Lawmakers have no veto power, per se. But the budget-writing Joint Finance-Appropriations Committee is taking its due diligence role seriously, drilling down into a deal that caught the Legislature off-guard. And JFAC — which will ultimately have to write the higher education budget bill that gets through the House and the Senate —has some power of the pursestrings.

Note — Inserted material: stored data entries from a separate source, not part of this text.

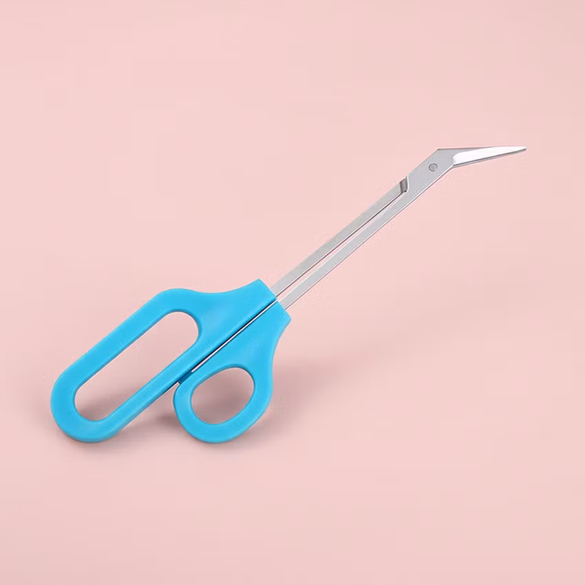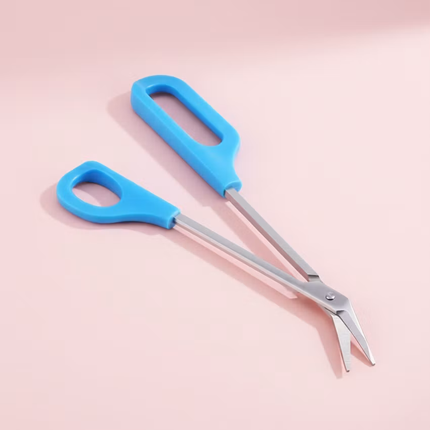En neglesaks med lang skaft som gjør det enkelt å klipp tåneglene. Neglesaksen har en forlengelse gom gir et stort og behagelig grep, der lillefingeren kan passe og gir mer kraft i selve klippingen. Saksens skaft er tjue centimeter lang.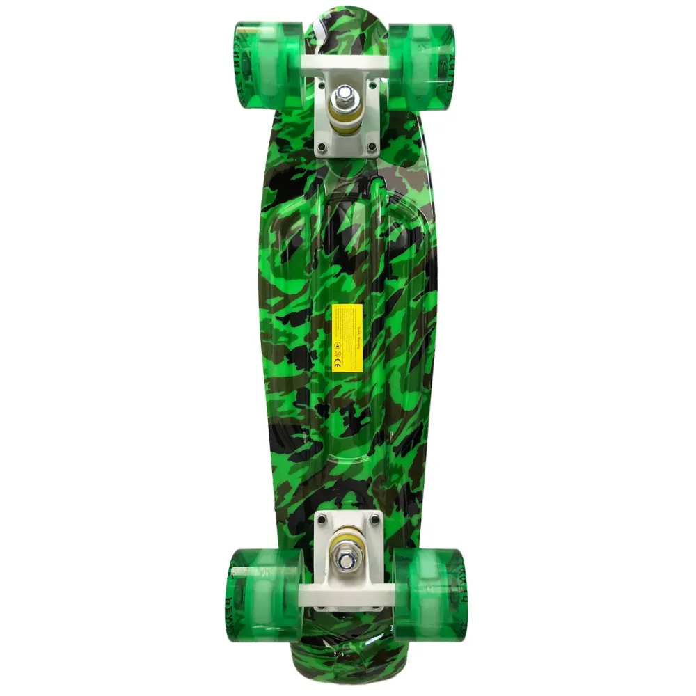 Пенни Борд Zippy ULTRA 22" Камуфляж - новая серия пенни борд с принтами и со светящимися колесами – это сочетание ярких, тематических рисунков и эффектных светящихся колес, а также улучшенного и доработанного качества, плавности хода. Принт с двух сторон доски.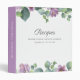 Modern Eucalyptus Botanical Bridal Shower Recipes 3 Ring Binder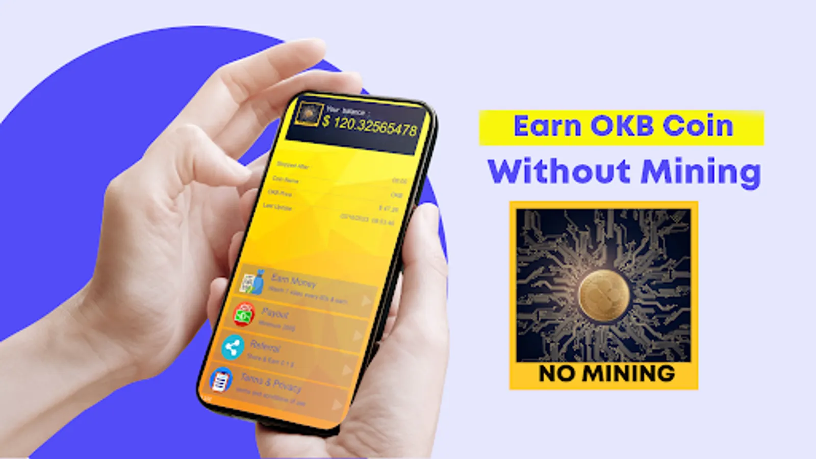 The "Earn OKB Coin (OKB) - No mining" application allows users to earn OKB Coins by watching ads every day.

The U of I has touted the Phoenix purchase as a moneymaker, which could generate $10 million or more a year that could be “reinvested in strategic initiatives.” The U of I says, perhaps a bit optimistically, that it doesn’t expect JFAC to cut the university’s budget to reflect any revenue that comes in from Phoenix. “We would hope the legislature would want to work with us to be successful,” the U of I says in its “frequently asked questions” page on the Phoenix purchase.
Lawmakers are likely to demand details on the predicted Phoenix windfall — and they probably won’t be bashful about suggesting where that money ought to go.
Higher education fared reasonably well during the 2023 legislative session, but it wasn’t easy. Idaho Launch — Gov. Brad Little’s $75 million plan to provide financial aid for college or postsecondary job training — passed a deeply divided Legislature. A Permanent Building Fund budget, providing $72.9 million for campus projects, overcame resistance from the right. Fourteen House Republicans and eight Senate Republicans even opposed a $1 million budget to offset some of the costs stemming from the off-campus slayings of four U of I students.
That’s the backdrop heading into 2024 — and a tense legislative session that will serve as a warmup to an intense May primary.
For higher ed, the questions aren’t going to get any easier.
Kevin Richert writes a weekly analysis on education policy and education politics. Look for his stories each Thursday. Due to the timeliness of the topic, this week’s article was published on Wednesday, Jan. 3.